Granby apareció de pronto para sujetar el arnés de Laurence con ambas manos.
—Acóplese a mí —gritó.
Laurence vio de inmediato a qué se refería. Aferrándose todavía a los arneses unidos con una mano, cerró sus mosquetones sueltos a las anillas del arnés de Granby y luego se agarró a las correas que cruzaban el pecho de éste. Entonces, los guardiadragones los alcanzaron y enseguida numerosas manos firmes sujetaron y subieron a Laurence y Granby hasta el arnés principal. Sostuvieron a Laurence hasta un lugar donde pudo asegurar sus mosquetones a las anillas adecuadas.
Apenas era capaz de respirar aún, pero se apoderó de la bocina y gritó con urgencia.
—Todo está en orden.
Su voz apenas se oyó. Respiró hondo y volvió a intentarlo, esta vez con voz más clara:
—Estoy bien, Temerario. Sigue volando.
Los tensos músculos que había debajo de él se relajaron lentamente y el dragón volvió a aletear, recuperando un poco de la altura que habían perdido. Todo el proceso había durado alrededor de unos quince minutos, pero sentía un tembleque tal que parecía que había hecho frente a una galerna de tres días en cubierta, y el corazón le palpitaba desbocado a punto de salírsele del pecho.
Granby y los guardiadragones tampoco parecían mucho más serenos.
—Bien hecho, caballeros —les dijo Laurence en cuanto confió en que no se le iba a quebrar la voz—. Dejemos espacio para que trabaje el señor Fellowes. Señor Granby, haga el favor de enviar a alguien al capitán de Victoriatus para saber qué ayuda nos pueden prestar. Hemos de adoptar todas las precauciones posibles para evitar nuevos sustos.

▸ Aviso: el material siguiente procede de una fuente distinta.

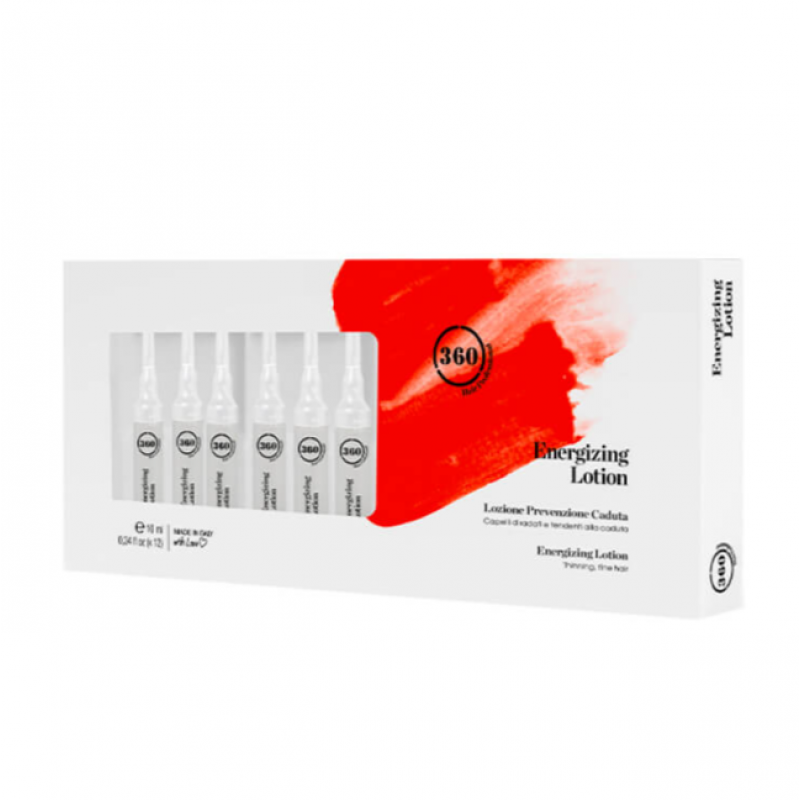 360 Hair Professional — італійський бренд професійної косметики для волосся, який поєднує інноваційні технології та активні комплекси для досягнення видимих результатів. 360 Energizing Lotion 12×10 мл створений як інтенсивний курс проти випадіння волосся з високою концентрацією стимулюючих компонентів.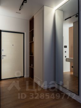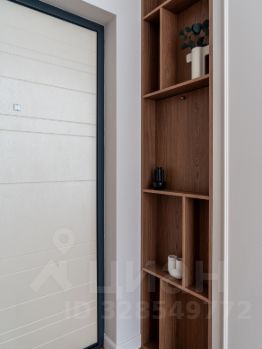 На входе очень вместительный шкаф с фасадами под потолок. Декоративные деревянные вставки, прячут за собой коммуникации и электрощиток.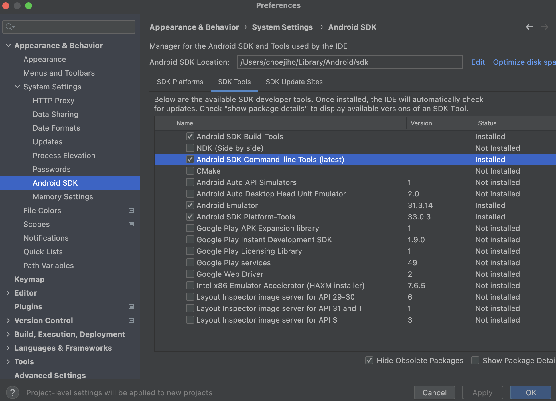 그리고 왼쪽 메뉴에서 System Settings - Android SDK - SDK Tools에서 Android SDK Command-line Tools (latest)를 Check 한 후 Apply 하면 된다.

Le miraron boquiabiertos durante unos instantes. Granby fue el primero en poner en orden las ideas y comenzó a dar órdenes. Para cuando Laurence, con suma cautela, se hubo abierto camino de vuelta a su puesto en la base del cuello de Temerario, los guardiadragones ya habían envuelto con vendas las garras de Victoriatus para evitar que volviera a herir al Imperial y Maximus apareció en lontananza, apresurándose a prestar su ayuda.
El resto del vuelo transcurrió sin acontecimientos dignos de mención, siempre y cuando se considerase normal el esfuerzo de llevar por el aire a un dragón casi inconsciente. Los cirujanos acudieron apresuradamente para examinar a Victoriatus y a Temerario en cuanto depositaron sano y salvo al primero en el suelo del patio. Para gran alivio de Laurence, los cortes resultaron ser en efecto de poca profundidad. Los limpiaron y examinaron para luego diagnosticarlos de poca gravedad y colocar encima unas gasas sueltas para impedir que se irritara la piel herida. Luego, dejaron libre a Temerario y a Laurence le dijeron que el dragón durmiera y comiese lo que quisiera durante una semana.
No era la mejor vía para conseguir unos pocos días de asueto, pero agradecieron infinitamente el respiro. De inmediato, Laurence llevó andando al animal a un claro despejado cercano a la base, sin querer forzarle a que hiciera otro vuelo en el aire. Aunque el claro se encontraba en la cima de la montaña, no estaba a demasiada altura, y lo cubría una capa de suave hierba verde. Estaba orientado al sur y lo bañaba el sol casi todo el día. Allí durmieron los dos desde aquella tarde hasta última hora del día siguiente. Laurence permaneció tendido sobre el lomo caliente de Temerario hasta que el hambre los despertó a ambos.
—Me siento mucho mejor. Estoy seguro de que puedo cazar casi con toda normalidad —dijo Temerario.
El aviador no quiso ni oír hablar de ello; en su lugar, anduvo de vuelta a los talleres y movilizó a toda la dotación de tierra. En muy poco tiempo, condujeron a un pequeño grupo de ganado desde el redil y lo sacrificaron. El dragón se comió hasta el último trozo de carne y luego se fue directamente a dormir de nuevo.
Con cierta inseguridad, Laurence le pidió a Hollín que hiciera que los criados le llevaran algo de comida. Se sentía muy incómodo por tener que pedirle al joven un favor personal, pero era reacio a dejar a Temerario solo. Hollín no se ofendió, pero volvió con el teniente Granby, Riggs y otro par de tenientes.